What you should do:
Print only the lines below from the one with "- Before placing" to the one with "循环生图—图像生成:这是扣子", both included, exactly as they stand. Leave pictures out.

[Dataset items]
═══

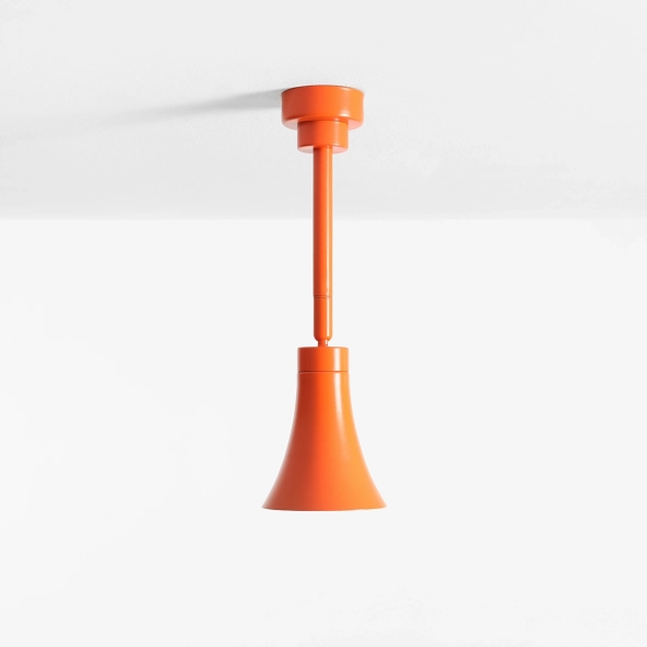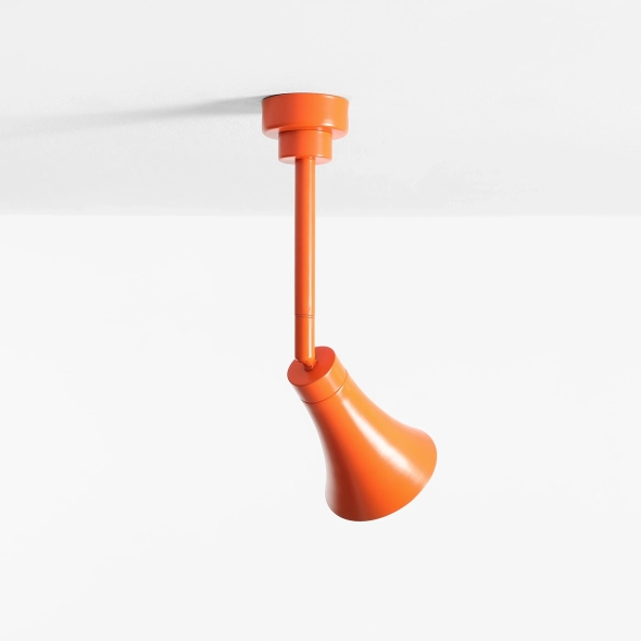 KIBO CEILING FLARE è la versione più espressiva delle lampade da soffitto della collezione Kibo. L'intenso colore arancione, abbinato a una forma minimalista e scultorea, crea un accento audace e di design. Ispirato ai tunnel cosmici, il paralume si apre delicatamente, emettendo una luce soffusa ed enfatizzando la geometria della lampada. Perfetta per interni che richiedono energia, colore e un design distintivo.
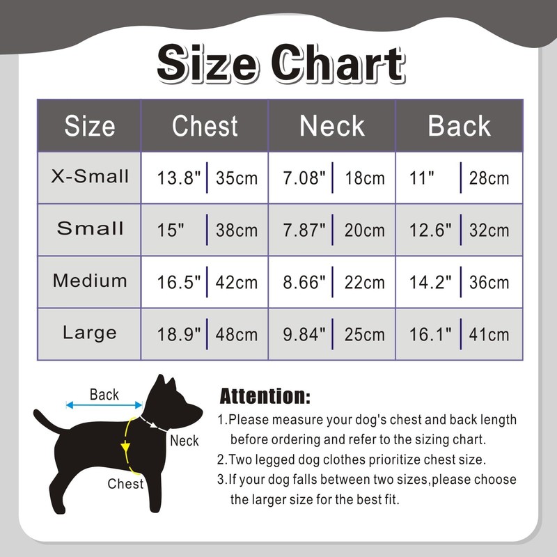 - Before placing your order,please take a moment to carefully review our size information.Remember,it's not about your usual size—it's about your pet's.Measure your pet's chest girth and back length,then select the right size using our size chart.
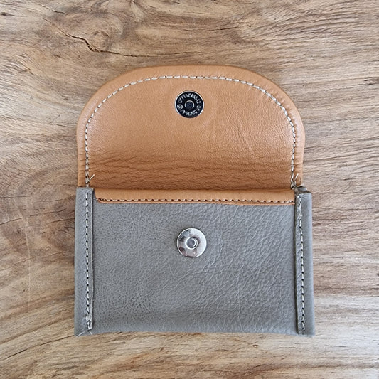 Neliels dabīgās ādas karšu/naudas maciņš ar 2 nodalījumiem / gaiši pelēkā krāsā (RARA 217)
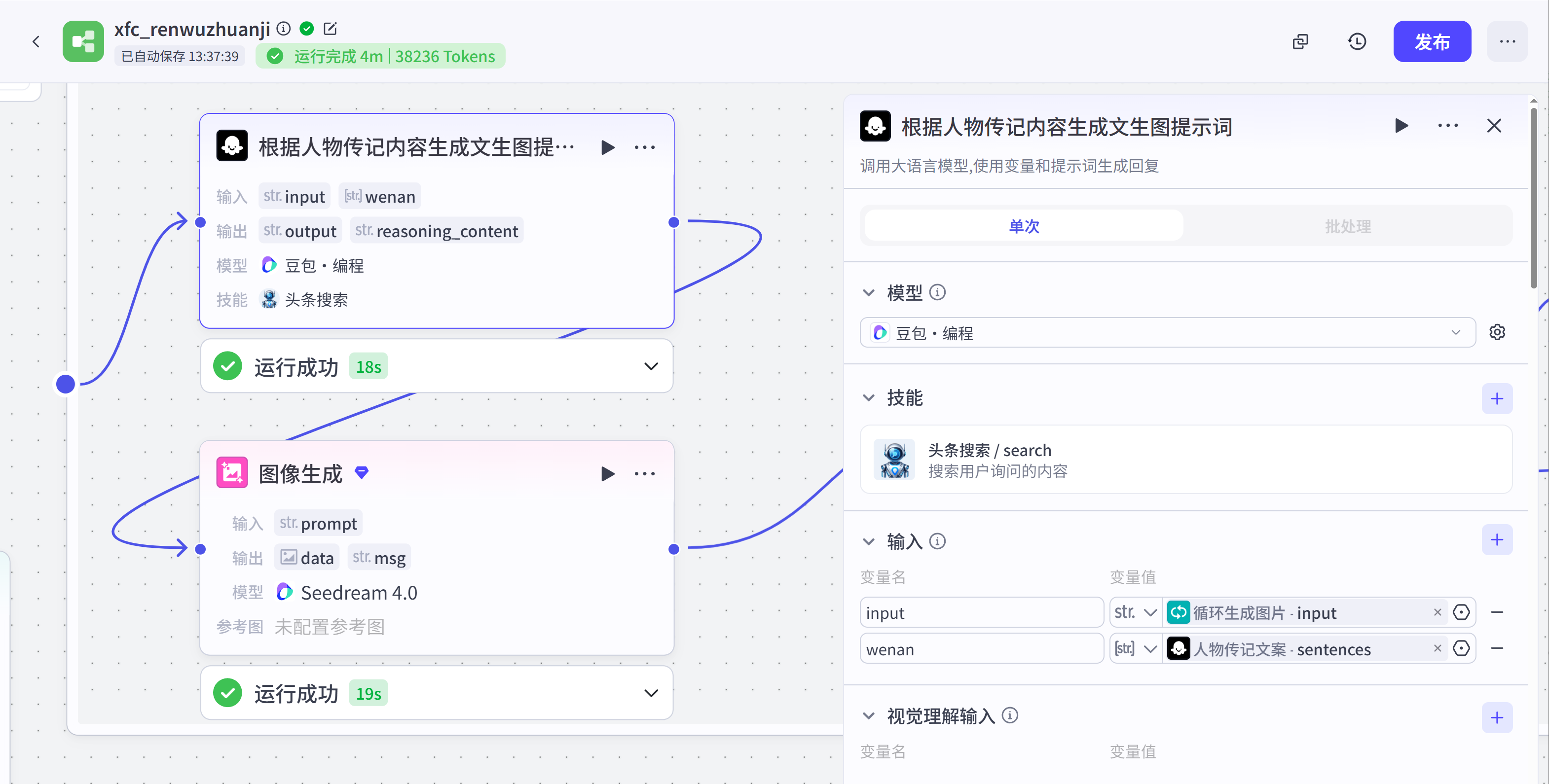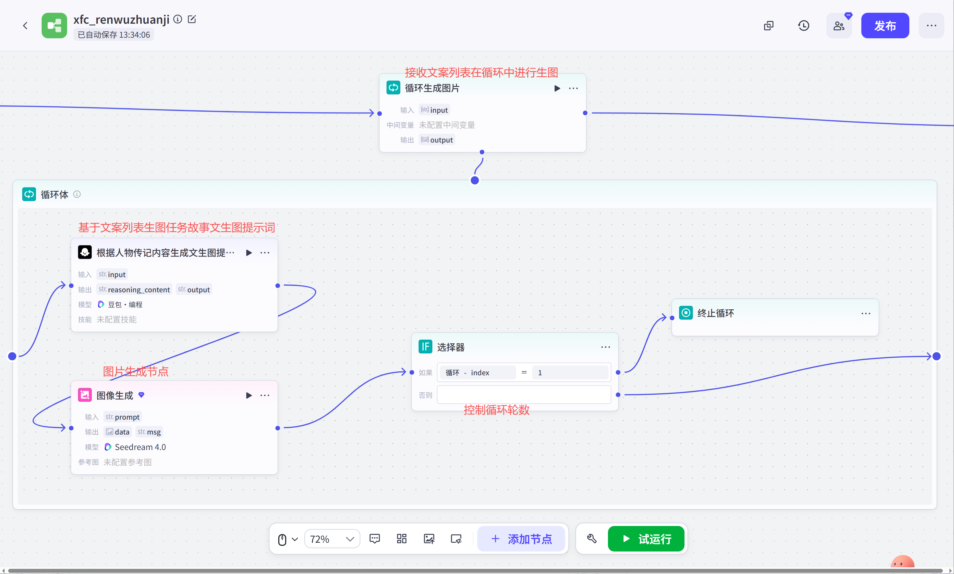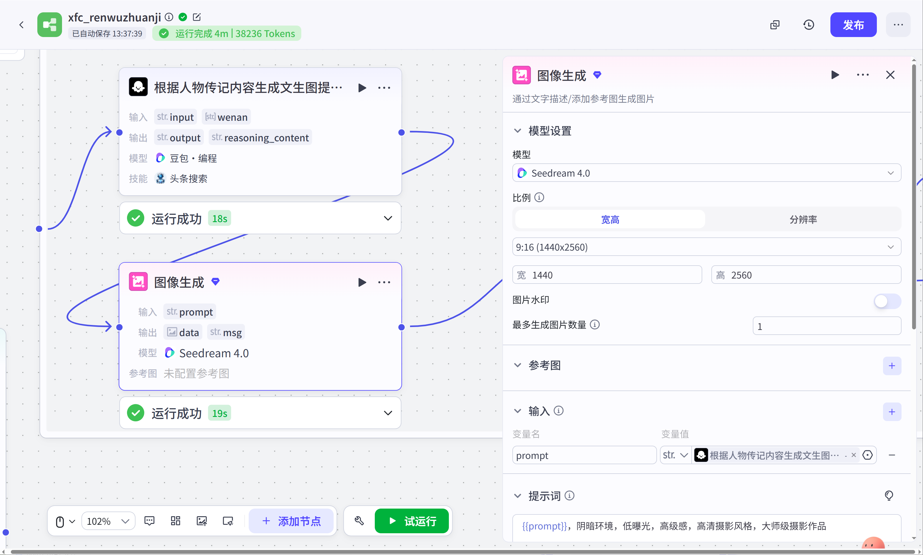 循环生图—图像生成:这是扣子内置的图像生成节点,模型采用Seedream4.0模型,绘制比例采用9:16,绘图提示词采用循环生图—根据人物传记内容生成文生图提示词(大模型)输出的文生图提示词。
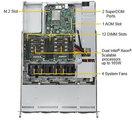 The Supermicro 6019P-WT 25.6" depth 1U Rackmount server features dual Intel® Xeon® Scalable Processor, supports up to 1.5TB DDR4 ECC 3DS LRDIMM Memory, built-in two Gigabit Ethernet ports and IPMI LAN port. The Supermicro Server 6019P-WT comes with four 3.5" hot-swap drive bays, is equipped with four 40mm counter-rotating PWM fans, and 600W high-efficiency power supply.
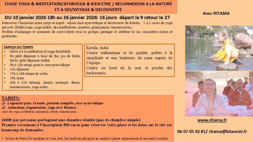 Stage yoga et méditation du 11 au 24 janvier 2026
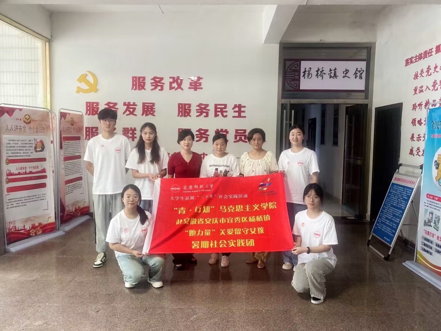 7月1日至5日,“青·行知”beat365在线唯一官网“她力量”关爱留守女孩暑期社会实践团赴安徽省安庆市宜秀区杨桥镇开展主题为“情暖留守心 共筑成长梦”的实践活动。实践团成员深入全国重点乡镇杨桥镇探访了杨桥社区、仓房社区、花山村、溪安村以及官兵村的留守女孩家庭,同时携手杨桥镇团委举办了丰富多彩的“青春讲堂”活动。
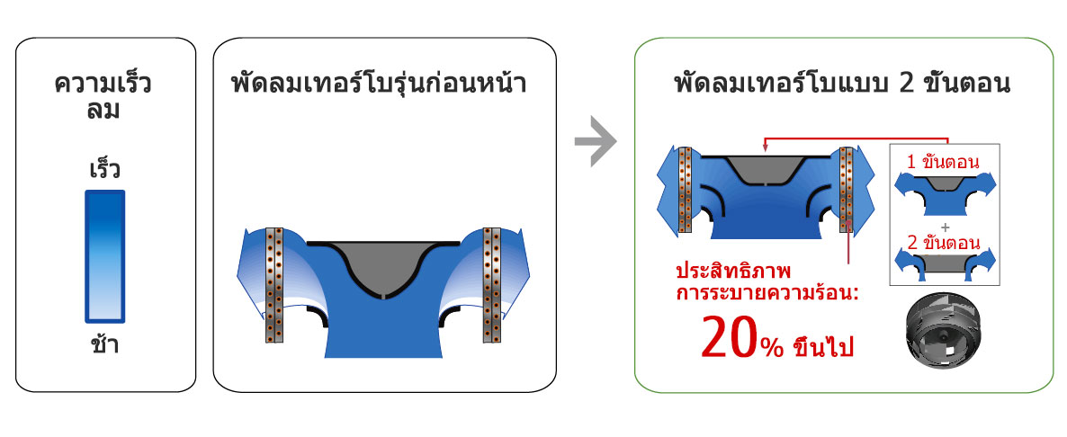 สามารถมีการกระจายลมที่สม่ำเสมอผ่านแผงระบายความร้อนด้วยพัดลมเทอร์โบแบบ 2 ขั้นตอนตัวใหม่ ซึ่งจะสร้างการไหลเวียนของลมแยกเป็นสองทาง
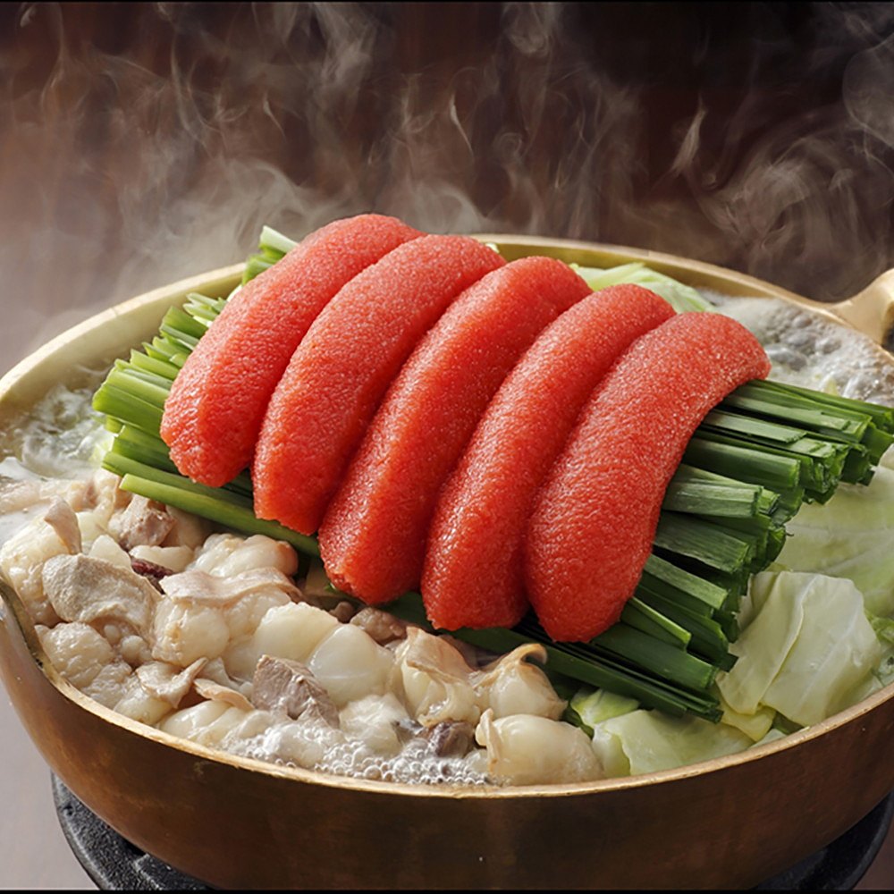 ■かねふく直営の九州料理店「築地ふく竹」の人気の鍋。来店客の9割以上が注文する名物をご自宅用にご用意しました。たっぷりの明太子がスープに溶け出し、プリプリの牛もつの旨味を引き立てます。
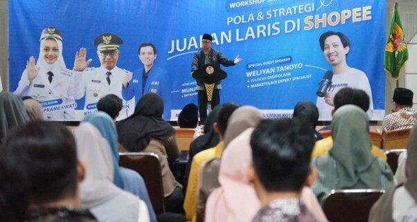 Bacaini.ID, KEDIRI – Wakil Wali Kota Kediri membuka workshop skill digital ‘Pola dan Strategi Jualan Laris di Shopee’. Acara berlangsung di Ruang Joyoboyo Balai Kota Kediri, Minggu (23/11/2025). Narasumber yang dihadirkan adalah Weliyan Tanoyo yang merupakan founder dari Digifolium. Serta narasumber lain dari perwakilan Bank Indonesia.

═══

Response to the task:
 - Before placing your order,please take a moment to carefully review our size information.Remember,it's not about your usual size—it's about your pet's.Measure your pet's chest girth and back length,then select the right size using our size chart.
 Neliels dabīgās ādas karšu/naudas maciņš ar 2 nodalījumiem / gaiši pelēkā krāsā (RARA 217)
 循环生图—图像生成:这是扣子内置的图像生成节点,模型采用Seedream4.0模型,绘制比例采用9:16,绘图提示词采用循环生图—根据人物传记内容生成文生图提示词(大模型)输出的文生图提示词。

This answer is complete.